После того как в январе 1913 года была закончена «Роза и Крест», в творческой работе Блока наступила необычная для него длительная пауза. Он не пишет ничего в течение целых девяти месяцев – до второй половины октября, когда были вчерне набросаны шесть стихотворений, составивших грустный и мрачный цикл «О чем поет ветер». В печати он появился с посвящением «Моей жене».

Затем, в ноябре и особенно в декабре, происходит сильный творческий взрыв: одно за другим создаются такие знаменитые стихи, как «Седое утро», «Новая Америка», «Художник», «О, нет! не расколдуешь сердца ты…», «Есть игра…», «Натянулись гитарные струны…», «Как свершилось, как случилось?..», «Как растет тревога к ночи…». Напор творческой энергии был велик: в один день, 12 декабря например, было написано пять стихотворений (в их числе «Новая Америка» и «Художник»). И не убывал он долго: на начало 1914 года приходится большинство стихотворений, составивших циклы «Черная кровь» и «Жизнь моего приятеля», обработка семи набросков, вошедших в «Ямбы», такие шедевры, как «Ты помнишь? В нашей бухте сонной…», «Ну, что же? Устало заломлены слабые руки…», «Голос из хора», весь цикл «Кармен», «Последнее напутствие».

Поистине – «через край перелилась восторга творческого чаша»! Без этих стихов представить себе Блока немыслимо.

В том, что было написано в это время, еще сильнее, резче, настойчивей проступает преследовавшая поэта трагедия раздвоения – «и отвращение от жизни и к ней безумная любовь». С холодом и мраком окружающего борются музыка и свет, поднимающиеся из самой глубины души. Все двоится: смертные муки – и дыхание могучей, победительной страсти, горькие разуверения – и безумная жажда деяния, творчества, «скука смертельная» – и тревога, которая «все сильнее», обреченность – и упорная дума о будущем.

Казалось бы, лживая и коварная жизнь не оставила никаких иллюзий – обрекла на одиночество, опустошенность, безнадежность… Не жизнь, а «тоска небытия».

Знакомая тема… Как давно и как крепко прикован к ней поэт!
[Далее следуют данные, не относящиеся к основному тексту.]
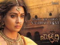 బాలకృష్ణ తన 100వ చిత్రంలో గౌతమీపుత్ర శాతకర్ణిగా నటిస్తుండగా, ఆయన భార్య వశిష్టి దేవి పాత్రకు అందాల తార శ్రియ ఎంపికైన సంగతి తెలిసిందే. ఇటీవలి షెడ్యూల్ లో ఆమె పాత్ర షూటింగ్ కూడా మొదలైంది. నేడు శ్రియ పుట్టినరోజు కావడంతో ఆమె క్లోజప్ తో కూడిన పోస్టర్ ను చిత్ర యూనిట్ విడుదల చేసింది. ఈ పోస్టర్లో మహారాణి గెటప్ లో శ్రియ కనిపిస్తుండగా, 'హ్యాపీ బర్త్ డే వశిష్టి దేవి' అన్న క్యాప్షన్ కూడా ఉంది. ప్రస్తుతం క్రిష్ దర్శకత్వంలో షూటింగ్ దశలో ఉన్న చిత్రాన్ని సాధ్యమైనంత త్వరలో పూర్తి చేసి 2017 సంక్రాంతికి విడుదల చేయాలన్న యోచనలో చిత్ర నిర్మాతలు ఉన్నారు.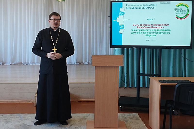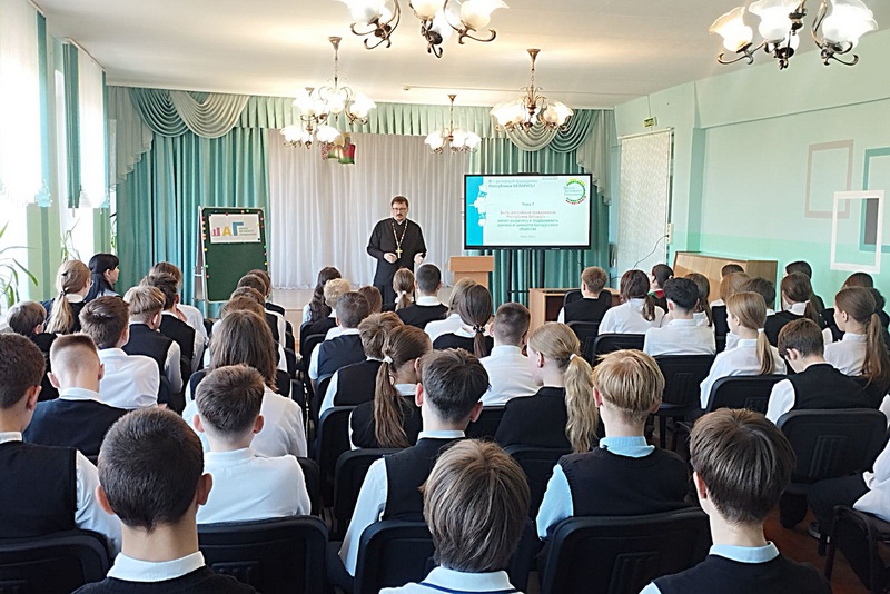 В ходе открытого диалога священнослужитель совместно с учащимися обсудил духовные ценности белорусского народа, что относится к историко-культурному наследию белорусского народа, почему важно сохранять семейные ценности, а также в чем проявляется ответственность каждого белоруса за сохранение природного наследия для будущих поколений.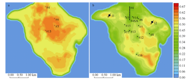 Fig. 9 Contour maps of simulated results. Oil saturation distribution in 1990 (a) and at the beginning of CO2 injection in 2016 (b). The black dots represent production wells with two designed CO2 injection wells of I1 and I2. The CO2-EOR-S simulated process begun in September 2016 after injection wells were opened图9 等值线模拟结果图 |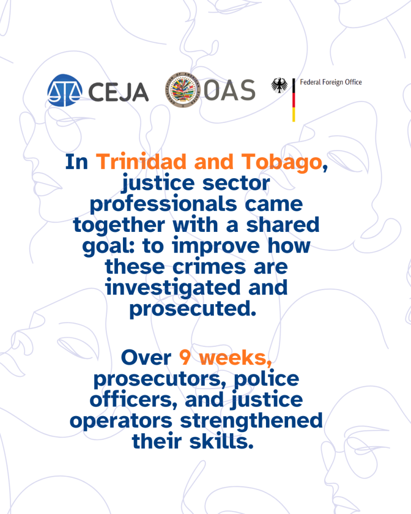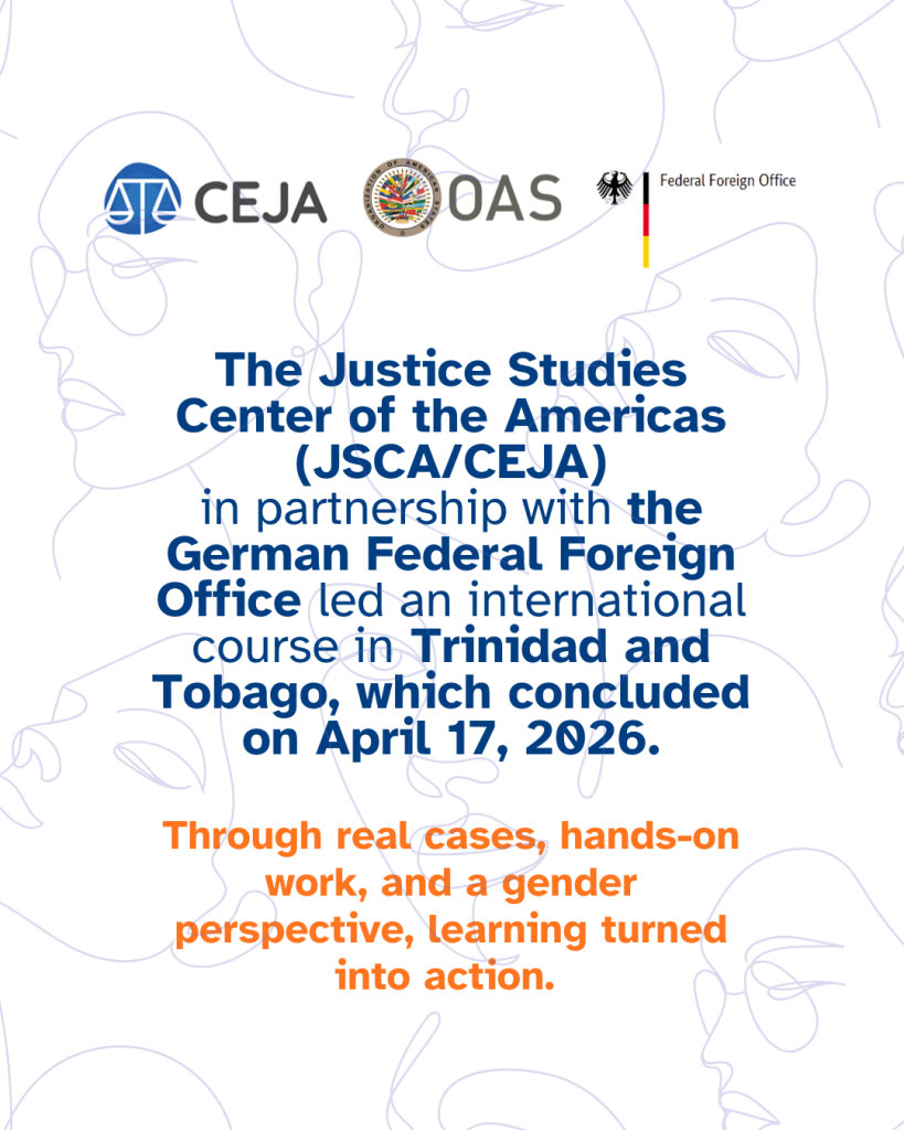 The Justice Studies Center of the Americas (CEJA), in collaboration with the Federal Foreign Office of Germany, continues the implementation of the course “Improving Criminal Prosecution in Cases of Gender-Based Violence in Trinidad and Tobago” aimed at strengthening the criminal justice response to gender-based violence in the country.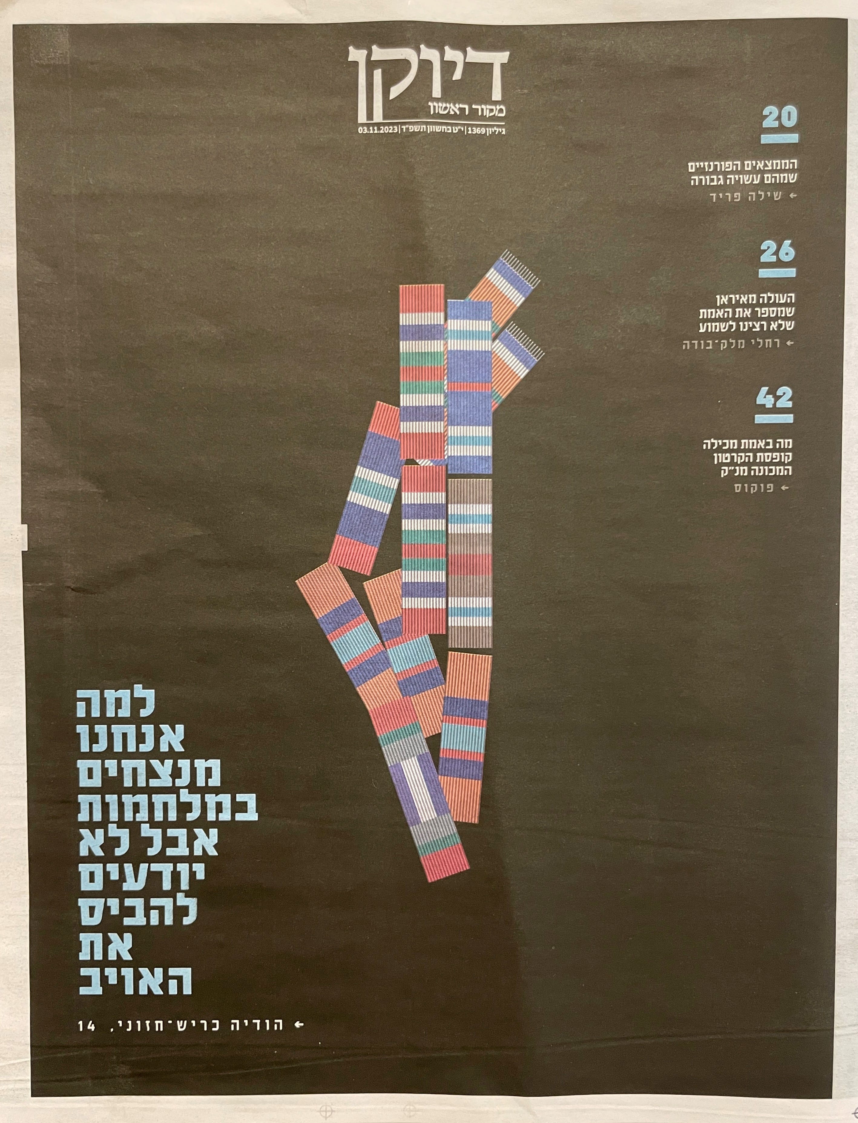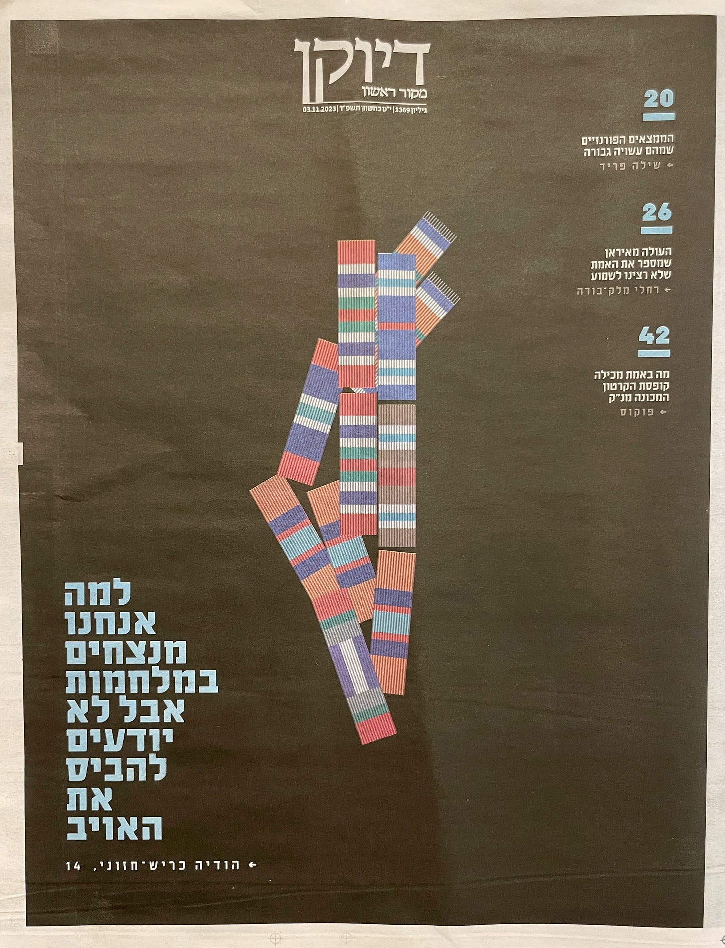 ABOVE: HEADLINE IN LIGHT BLUE FROM THE “PORTRAIT” MAGAZINE SECTION OF MAKOR RISHON (the map is made of military ribbons worn on IDF dress uniforms):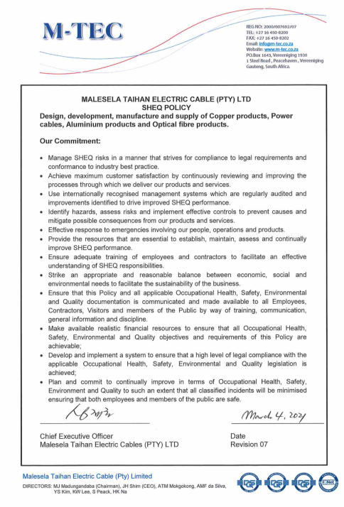 Also known as M-TEC, has been a leading player in the cable industry in South Africa for over 50 years. Established in 1911, M-TEC has developed into a market leader in the wire

Но в стихах 1913 – 1914 годов она принимает в значительной мере новую стилевую окраску – потому что рос и в процессе роста менялся сам духовный характер поэта. Уже изменился – закалился в испытаниях, пропитался горечью, обрел суровую трезвость, облекся в броню, «за которой бушует Мальстрем».

Как не вспомнить тут давнее уже (1908 года) высказывание Блока: «Стиль всякого писателя так тесно связан с содержанием его души, что опытный глаз может увидать душу по стилю, путем изучения формы проникнуть до глубины содержания».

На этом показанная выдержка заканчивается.